Give the kiddos a foam dice (Amazon, cheap as chips and don’t clatter on the table), roll three times and make silly sentences on whatever topic you’re doing – bonus points if you include Donald Trump/ your head teachers name if you’re a Year 7-8 boy this makes it hilarious apparently…

Let’s avo-cuddle!

I made these and got them laminated as bookmark sized rainbow strips for more able Year 9 and all GCSE classes. We also have them in our classrooms – I love avocado mnemonic. Also love the students using “si on me demandait mon avis, je dirais que..” in their writing and speaking – it’s an easy way to get more marks for complexity and every possible topic requires an opinion of course.

Free Jam

I make sure all my Year 9 onwards know their FREE JAM verbs off by heart – first week homework learn the Free Jam mnemonic and what each infinitive verb means. Then they learn the past, present and future in the je form for each one. We use mini whiteboards to test the verbs over and over. Then I set a 40/90/150 word task which I know would use each of the verbs in the 3 tenses – eg – what do you do in your free time, your favourite tv programme, film you saw recently, your future plans.

Rhubarb rhubarb

This is a pronunciation game- I call it Rhubarb because my dad always used to say “rhubarb rhubarb” whenever someone was mumbling. Anyway… you put a text up on the board or printed on a sheet. Put kids in two teams and they have to read aloud a line or two each – perfect pronunciation gets 1pt – if they make a pronunciation mistake the opposite team call out Rhubarb and have to say what they got wrong. All the pupils then record the pronunciation mistakes in the back of their books for reference. For example – this text the key sounds they would get wrong would probably be “sain – san” “jus – joo”

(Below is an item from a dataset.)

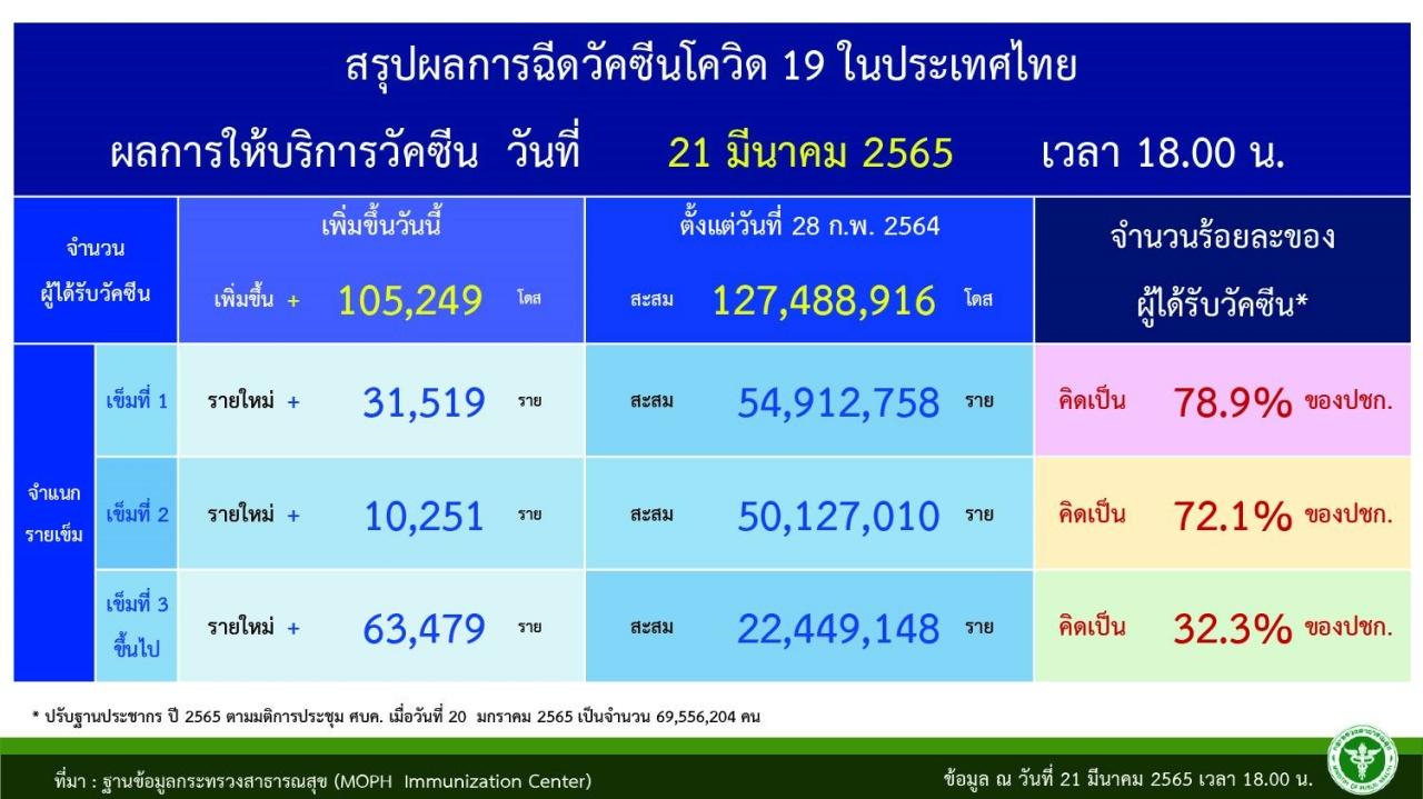 ส่วนยอดการฉีดวัคซีนตั้งแต่วันที่ 28 ก.พ. 2564-21 มี.ค. 2565 รวมฉีดสะสมอยู่ที่ 127,488,916 โดส

Lower Ability Year 8 Henri Rousseau mini project

There are some nice resources on describing a painting at the back of studio 1 which I have integrated into our SOW for lower ability Year 8. Doing a odd one out to introduce key vocab, some “deep”listening (more about this later) followed by a See Think Wonder task really helped my Year 8 describe the paintings. See think wonder can be used for any picture and is great for the GCSE photo card prep too, lots my Year 11 said “je me demande si…” in their final exam too! I’ve got lots of French paintings laminated for the kiddos to describe in This way.

Non Boozy Beer Pong

So… I bought a set called “Boozy Beer Pong” for £1.99 from Bm Bargains and cut up these little role play prompts and placed in the beer pong cups with a sweetie or three. We then played non boozy beer pong where they had to read out and translate a role play prompt for the other team to answer. Year 11 loved it, but now say they then played real Beer pong as a result … not so good, but they coped really well with the Higher role play, hopefully non boozy beer pong helped!